» **Task prompt**: Write out every entry exactly as given, but omit the pictures.

» **Extracted data**:
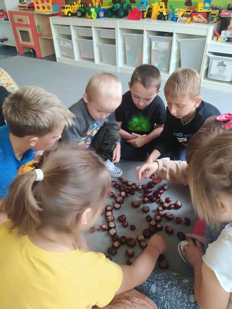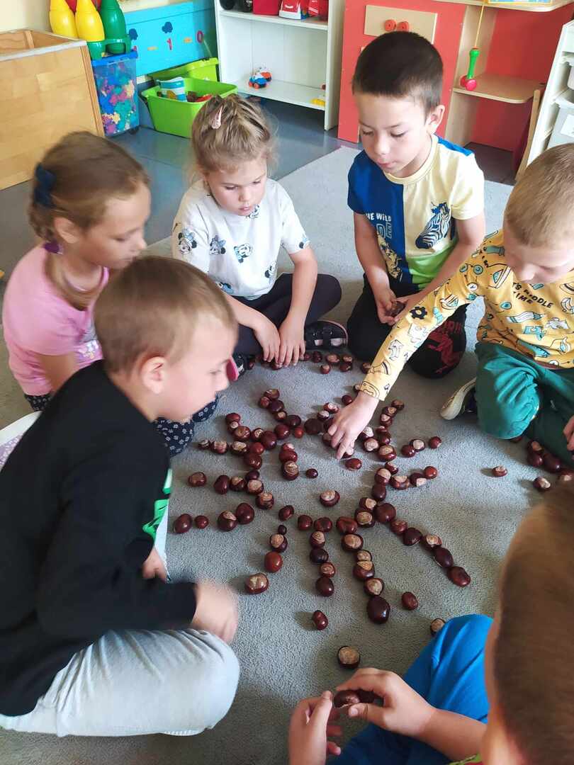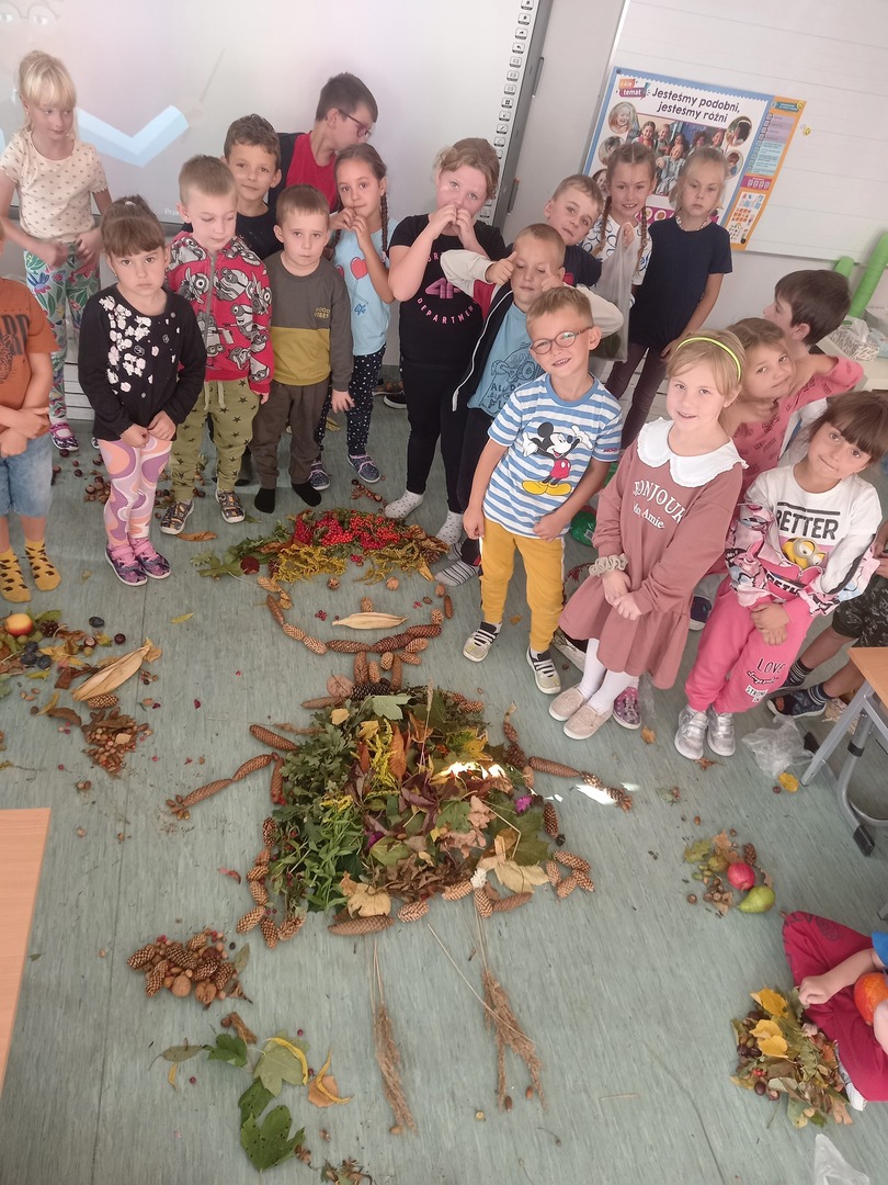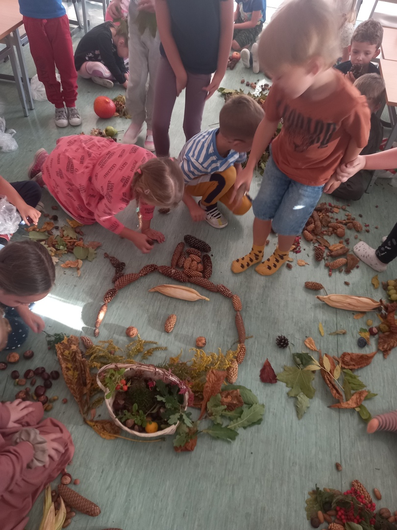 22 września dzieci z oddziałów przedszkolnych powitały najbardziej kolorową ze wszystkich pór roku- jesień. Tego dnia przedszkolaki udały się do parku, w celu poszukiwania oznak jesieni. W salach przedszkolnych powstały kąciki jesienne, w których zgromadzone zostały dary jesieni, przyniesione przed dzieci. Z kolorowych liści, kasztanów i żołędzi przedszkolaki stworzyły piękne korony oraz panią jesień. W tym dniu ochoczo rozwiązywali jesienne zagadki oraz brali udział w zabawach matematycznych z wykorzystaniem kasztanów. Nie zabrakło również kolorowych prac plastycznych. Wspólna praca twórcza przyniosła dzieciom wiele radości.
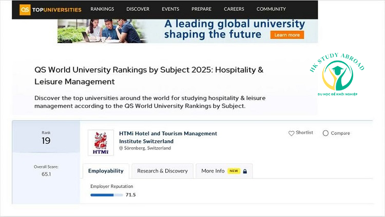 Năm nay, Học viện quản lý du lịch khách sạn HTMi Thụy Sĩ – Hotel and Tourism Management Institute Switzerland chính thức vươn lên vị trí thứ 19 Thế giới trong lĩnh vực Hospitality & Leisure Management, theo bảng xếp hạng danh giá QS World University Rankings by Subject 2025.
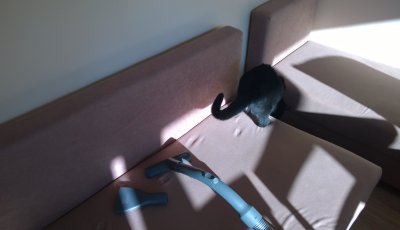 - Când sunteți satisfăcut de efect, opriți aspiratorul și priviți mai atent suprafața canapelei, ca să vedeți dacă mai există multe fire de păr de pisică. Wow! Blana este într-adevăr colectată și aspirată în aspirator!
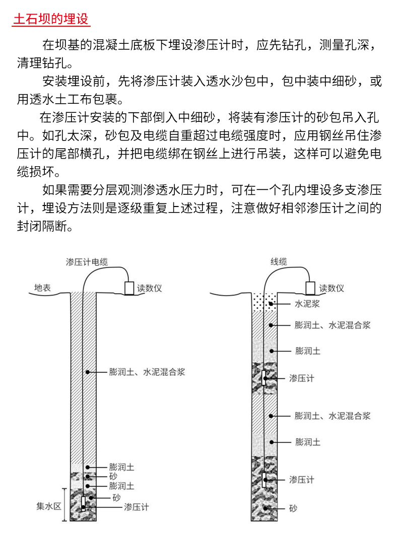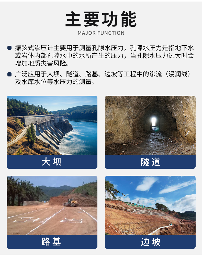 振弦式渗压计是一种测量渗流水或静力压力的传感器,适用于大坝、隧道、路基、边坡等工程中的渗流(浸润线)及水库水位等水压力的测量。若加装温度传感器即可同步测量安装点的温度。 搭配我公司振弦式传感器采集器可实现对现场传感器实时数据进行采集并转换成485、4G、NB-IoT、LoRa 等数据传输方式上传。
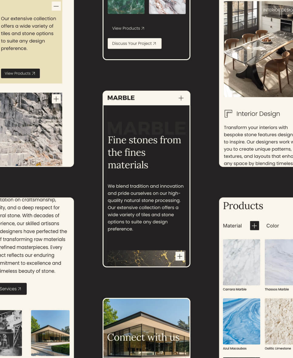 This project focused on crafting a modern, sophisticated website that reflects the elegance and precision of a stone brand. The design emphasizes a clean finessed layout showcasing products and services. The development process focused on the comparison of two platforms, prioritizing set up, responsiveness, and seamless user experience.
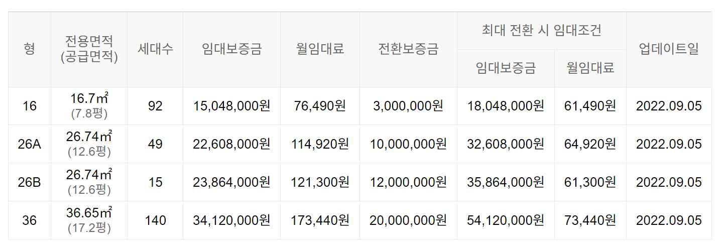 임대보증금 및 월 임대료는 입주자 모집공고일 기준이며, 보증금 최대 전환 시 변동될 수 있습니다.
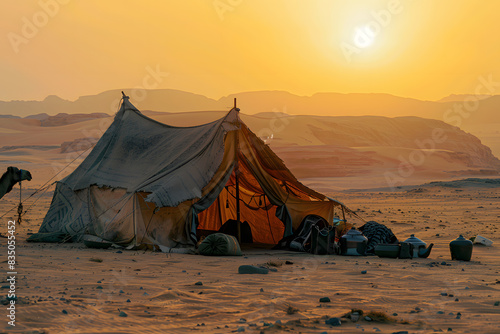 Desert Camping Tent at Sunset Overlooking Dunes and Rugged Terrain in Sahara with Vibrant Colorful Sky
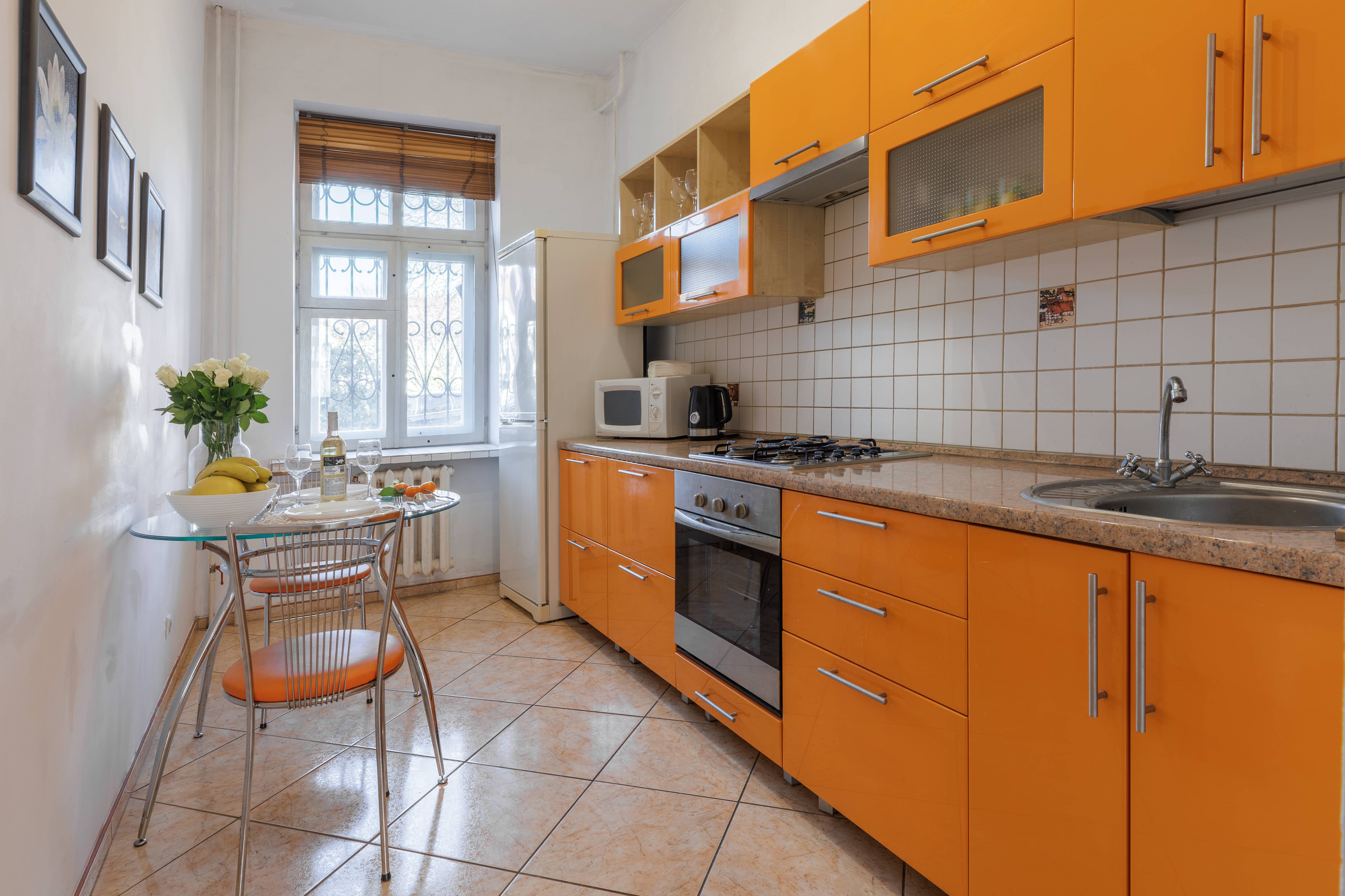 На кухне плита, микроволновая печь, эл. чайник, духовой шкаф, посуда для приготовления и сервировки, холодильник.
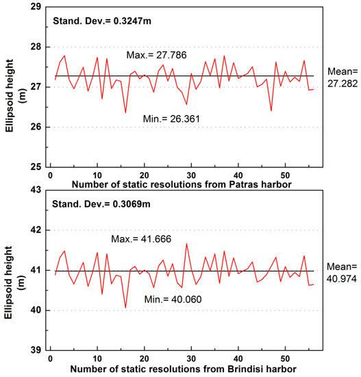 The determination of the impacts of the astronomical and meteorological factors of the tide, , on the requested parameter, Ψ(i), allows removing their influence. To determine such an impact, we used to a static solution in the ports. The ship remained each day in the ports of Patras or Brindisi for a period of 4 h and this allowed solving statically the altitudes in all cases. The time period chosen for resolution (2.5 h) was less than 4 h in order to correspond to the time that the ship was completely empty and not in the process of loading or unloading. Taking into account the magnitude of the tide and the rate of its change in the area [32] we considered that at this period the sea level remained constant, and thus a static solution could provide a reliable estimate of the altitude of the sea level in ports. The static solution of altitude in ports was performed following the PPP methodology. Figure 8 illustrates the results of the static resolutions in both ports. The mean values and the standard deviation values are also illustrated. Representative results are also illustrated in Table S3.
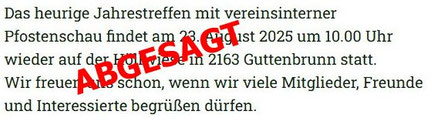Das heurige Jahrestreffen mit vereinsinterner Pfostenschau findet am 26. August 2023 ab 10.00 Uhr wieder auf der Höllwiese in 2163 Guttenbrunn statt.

» **Solution for this task**:
 22 września dzieci z oddziałów przedszkolnych powitały najbardziej kolorową ze wszystkich pór roku- jesień. Tego dnia przedszkolaki udały się do parku, w celu poszukiwania oznak jesieni. W salach przedszkolnych powstały kąciki jesienne, w których zgromadzone zostały dary jesieni, przyniesione przed dzieci. Z kolorowych liści, kasztanów i żołędzi przedszkolaki stworzyły piękne korony oraz panią jesień. W tym dniu ochoczo rozwiązywali jesienne zagadki oraz brali udział w zabawach matematycznych z wykorzystaniem kasztanów. Nie zabrakło również kolorowych prac plastycznych. Wspólna praca twórcza przyniosła dzieciom wiele radości.
 Năm nay, Học viện quản lý du lịch khách sạn HTMi Thụy Sĩ – Hotel and Tourism Management Institute Switzerland chính thức vươn lên vị trí thứ 19 Thế giới trong lĩnh vực Hospitality & Leisure Management, theo bảng xếp hạng danh giá QS World University Rankings by Subject 2025.
 - Când sunteți satisfăcut de efect, opriți aspiratorul și priviți mai atent suprafața canapelei, ca să vedeți dacă mai există multe fire de păr de pisică. Wow! Blana este într-adevăr colectată și aspirată în aspirator!
 振弦式渗压计是一种测量渗流水或静力压力的传感器,适用于大坝、隧道、路基、边坡等工程中的渗流(浸润线)及水库水位等水压力的测量。若加装温度传感器即可同步测量安装点的温度。 搭配我公司振弦式传感器采集器可实现对现场传感器实时数据进行采集并转换成485、4G、NB-IoT、LoRa 等数据传输方式上传。
 This project focused on crafting a modern, sophisticated website that reflects the elegance and precision of a stone brand. The design emphasizes a clean finessed layout showcasing products and services. The development process focused on the comparison of two platforms, prioritizing set up, responsiveness, and seamless user experience.
 임대보증금 및 월 임대료는 입주자 모집공고일 기준이며, 보증금 최대 전환 시 변동될 수 있습니다.
 Desert Camping Tent at Sunset Overlooking Dunes and Rugged Terrain in Sahara with Vibrant Colorful Sky
 На кухне плита, микроволновая печь, эл. чайник, духовой шкаф, посуда для приготовления и сервировки, холодильник.
 The determination of the impacts of the astronomical and meteorological factors of the tide, , on the requested parameter, Ψ(i), allows removing their influence. To determine such an impact, we used to a static solution in the ports. The ship remained each day in the ports of Patras or Brindisi for a period of 4 h and this allowed solving statically the altitudes in all cases. The time period chosen for resolution (2.5 h) was less than 4 h in order to correspond to the time that the ship was completely empty and not in the process of loading or unloading. Taking into account the magnitude of the tide and the rate of its change in the area [32] we considered that at this period the sea level remained constant, and thus a static solution could provide a reliable estimate of the altitude of the sea level in ports. The static solution of altitude in ports was performed following the PPP methodology. Figure 8 illustrates the results of the static resolutions in both ports. The mean values and the standard deviation values are also illustrated. Representative results are also illustrated in Table S3.
Das heurige Jahrestreffen mit vereinsinterner Pfostenschau findet am 26. August 2023 ab 10.00 Uhr wieder auf der Höllwiese in 2163 Guttenbrunn statt.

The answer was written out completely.